AUTHORS NOTE

Dear Readers,

As a social psychologist and writer living in Dacca, I was hungry to learn about Bengal’s ancient history. My grandmother’s house in Lal Bagh triggered a lingering curiosity. As I began to explore, I discovered Subedar Shayista Khan: a poet, warrior, Sufi and visionary. Though Bengal flourished under his rule, he occupies only a few dry paragraphs in history text books. Thus I set out to give him some flesh (albeit, scarred flesh) so my children and others could know our hero. My kids are 5 and 7 and I daresay, Shayista’s biggest fans.

Very little is written about the Mughal experience in Bengal, even less about the women of the time. Shayista Khan, Shobha Singh, Shivaji, Admiral Nicholson, William Hedges and Wara Dhamaraja are all real characters. Nasim Banu, Champa and Pari Bibi are real too but there is scarce evidence of them. What I did find was that Champa is buried at Lal Bagh Fort and rumors suggest she might have been Shayista’s late mistress. Legends claim Pari’s ghost haunts the fortress still and she may not have been Shayista’s biological daughter but rather, war booty, a princess from Assam. These conjectures led me to play with her origin, to bring Ellora into the story. Ellora is the only character completely constructed by my imagination though who is to say our handsome Subedar did not have a few princesses on the side?

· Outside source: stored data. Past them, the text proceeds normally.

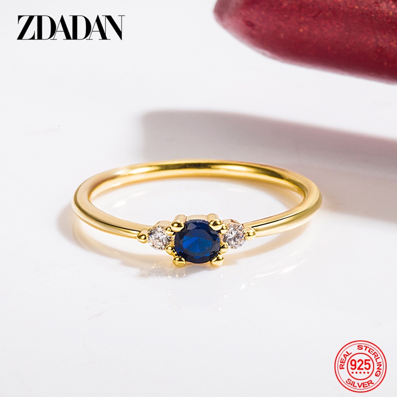 ZDADAN 925 Prata 14K Anel Zircônio Azul Ouro Para Jóias De Casamento Feminina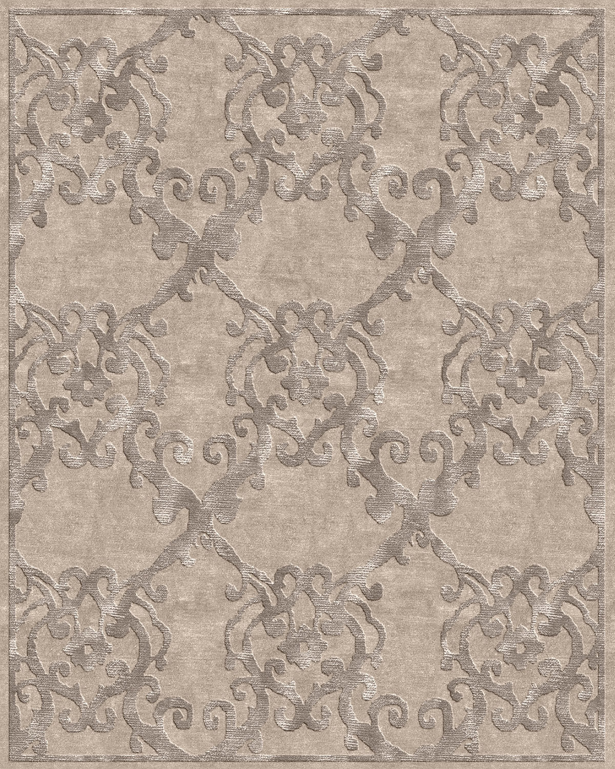 Pascale Rug – Pewter. With a classical motif created in luxurious raised pile silk, this rug is the image of elegance. Neutral grey tones make this the perfect addition to many a contemporary space. Every piece is created by a team of skilled artisans who complete every stage of the process using traditional methods. From the preparation of the wool and silk, to constructing the rug knot by knot, this craftsmanship delivers a rug that will last generations.
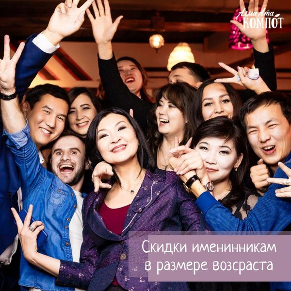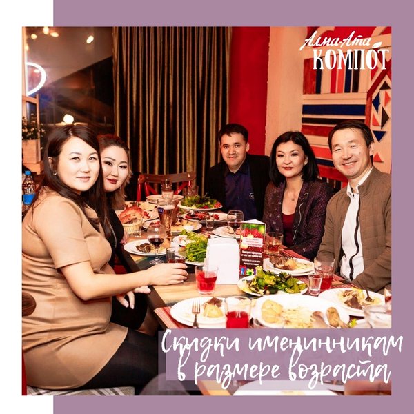 Гостеприимная полянка «Алма-Ата Компот» вновь предлагает крутые условия для именинников и по другим поводам гуляющих Если ты именинник, встречаешься с выпускниками, празднуешь годовщину свадьбы, организуешь мальчишник или девичник: Забирай скидку 20% в будни, 15% в выходные и праздничные дни! Если ты юбиляр: Забирай удвоенную скидку! Бонус для всех При заказе на сумму в 6000 тенге на персону, вы получаете уникальную возможность принести свой алкоголь Подробности по номеру: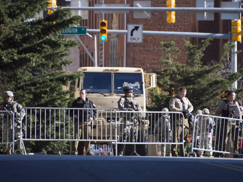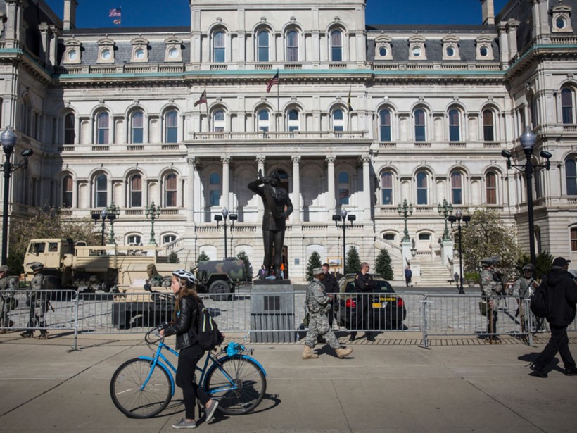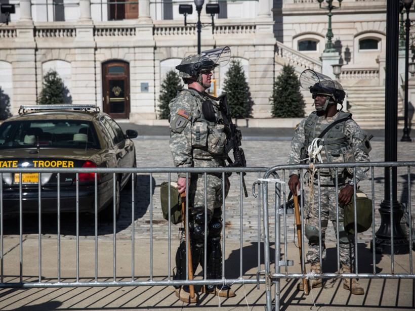 Cảnh sát và binh sĩ vệ binh quốc gia đứng canh gác bên ngoài City Hall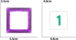 - 8 pătrate albastre, 7 pătrate roșii, 9 pătrate gri, 7 pătrate mov, 9 pătrate verzi, 30 de carduri educative cu numere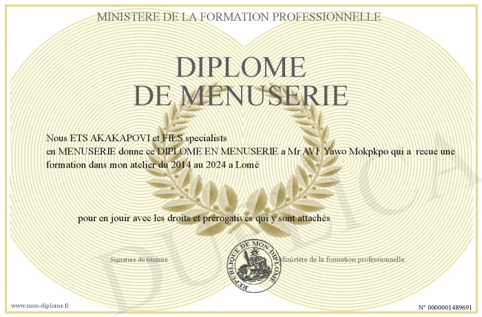 Envoyez par email votre Diplôme de MENUSERIE personalisé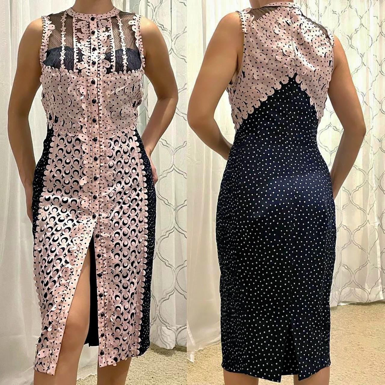 Deadstock. Beautiful laser cut dress in navy and pink. Elastic ruching along the sides give that hug, showing off your voluptuous curves.

As for the diamond, certainly my readers have heard of Kohinoor, the French Blue and the Pink Diamond, all of which are said to have magical powers. Perchance then readers have also heard whispers of a dark diamond?

Here are some of the books I read to write this: William Dalrymple’s White Mughal and The Last Mughal, Richard Eaton’s The Rise of Islam and the Bengal Frontier, John Richards’ The Mughal Empire, Tapan Raychaudhuri’s Bengal Under Akbar and Jahangir, Fergus Nicoll’s Shah Jahan, Joshua Ivinson’s Diamonds and East India Company, Seema Mohanty’s Book of Kali, Alex Rutherford’s Empire of the Moghuls, Hafez’s The Gift, Dr. Aye Chan’s An Arakanese from Myanmar, Abraham Eraly’s The Mughal Throne, Indu Sundaresan’s The Twentieth Wife, Richard Wise’s The French Blue, Niall Ferguson’s The Empire, Susan Ronald’s Sancy Blood Diamond, Richard Zaqcks’ The Pirate Hunter, Sun Tzu’s The Art of War, Nitish Sengupta’s Land of Two Rivers: A History of Bengal, and others. I also gleaned some juicy facts from a PhD titled ‘Life and times of Shaista Khan’ by Noopur Sharan of Allahabad, 2005, that was not available in print, for which I had the opportunity to visit the marvelous British Library.

What I find sad is how history repeats itself. In Bangladesh and the world today we are threatened by many of the enemies Shayista Khan fought back in the 1680s. Does this mean we are not taking the lessons of history to heart? Or is this our predestined journey?

I hope you enjoy the adventure. Thanks for reading.